Joseph College v. Prince Edward County Department of Social Services
This text of Joseph College v. Prince Edward County Department of Social Services (Joseph College v. Prince Edward County Department of Social Services) is published on Counsel Stack Legal Research, covering Court of Appeals of Virginia primary law. Counsel Stack provides free access to over 12 million legal documents including statutes, case law, regulations, and constitutions.
Opinion
COURT OF APPEALS OF VIRGINIA
Present: Judges Frank, Alston and Senior Judge Coleman
JOSEPH COLLEGE MEMORANDUM OPINION * v. Record No. 2630-09-2 PER CURIAM JULY 20, 2010 PRINCE EDWARD COUNTY DEPARTMENT OF SOCIAL SERVICES
FROM THE CIRCUIT COURT OF PRINCE EDWARD COUNTY Joel C. Cunningham, Judge
(James C. Bell; Blessing & Bell, on brief), for appellant.
(Jody Holyst Fariss; H. Evans Thomas, V, Guardian ad litem for the minor child, on brief), for appellee.
Joseph College (father) appeals the trial court’s ruling approving the entrustment agreement.
Father argues that the trial court erred in approving the entrustment agreement that he signed with
the Prince Edward County Department of Social Services (the Department). Upon reviewing the
record and briefs of the parties, we conclude that this appeal is without merit. Accordingly, we
summarily affirm the decision of the trial court. See Rule 5A:27.
BACKGROUND
We view the evidence in the light most favorable to the prevailing party below and grant
to it all reasonable inferences fairly deducible therefrom.

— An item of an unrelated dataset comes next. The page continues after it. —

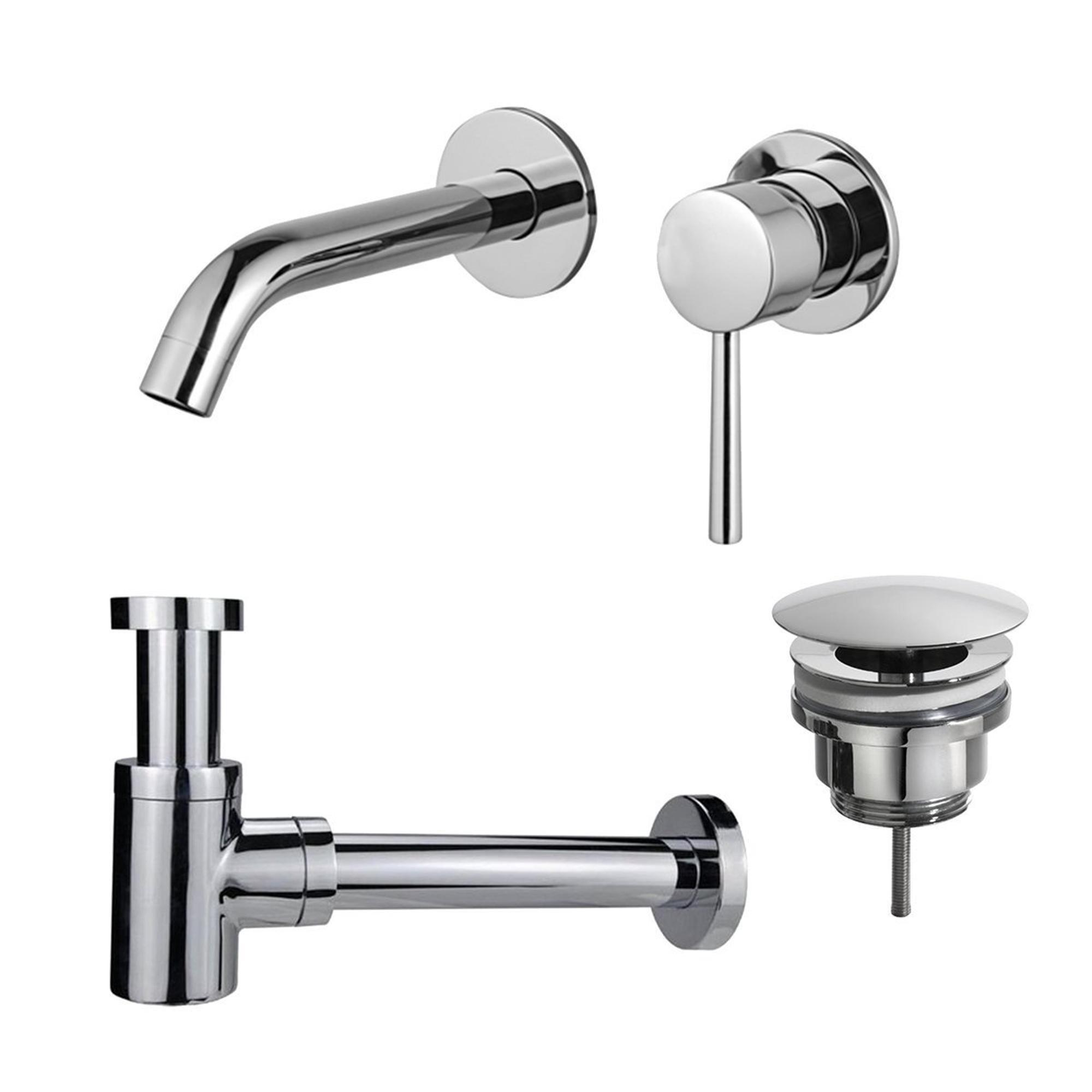 FugaFlow Eccelente Sobrado Slim Slim Kit mitigeur lavabo - robinet encastrable - bonde non-obturable - siphon design bas - Chrome brillant

See Logan v. Fairfax County Dep’t of
Human Dev., 13 Va. App. 123, 128, 409 S.E.2d 460, 462 (1991).
Father has a child who was born in July 2001. In July 2008, the child was admitted to
Virginia Baptist Hospital because he was considered a threat to himself or others. The child
* Pursuant to Code § 17.1-413, this opinion is not designated for publication. stayed in the hospital for approximately two weeks. Upon his release, father did not seek any
counseling for the child.
On August 28, 2008, father signed a temporary entrustment agreement regarding the
child. At the time, father said that he could no longer control the child because the child was
being physically aggressive and acting out sexually. The child had stabbed his cousin with a pair
of scissors and stabbed his brother with chopsticks. He also had sexually abused his sister and
acted out sexually with two of his cousins. At the time of the entrustment, father was living with
his girlfriend and four other children in a one-bedroom motel room. The room was filthy, and
the children were dirty. When the child entered the Department’s care, he was treated by a
pediatrician for scabies. The child was placed in a foster care home for approximately one
month, but was later moved to Bridges Treatment Center because of his physically aggressive
behavior and suicidal tendencies. He remained in Bridges Treatment Center for approximately
one year and then moved to a therapeutic foster home.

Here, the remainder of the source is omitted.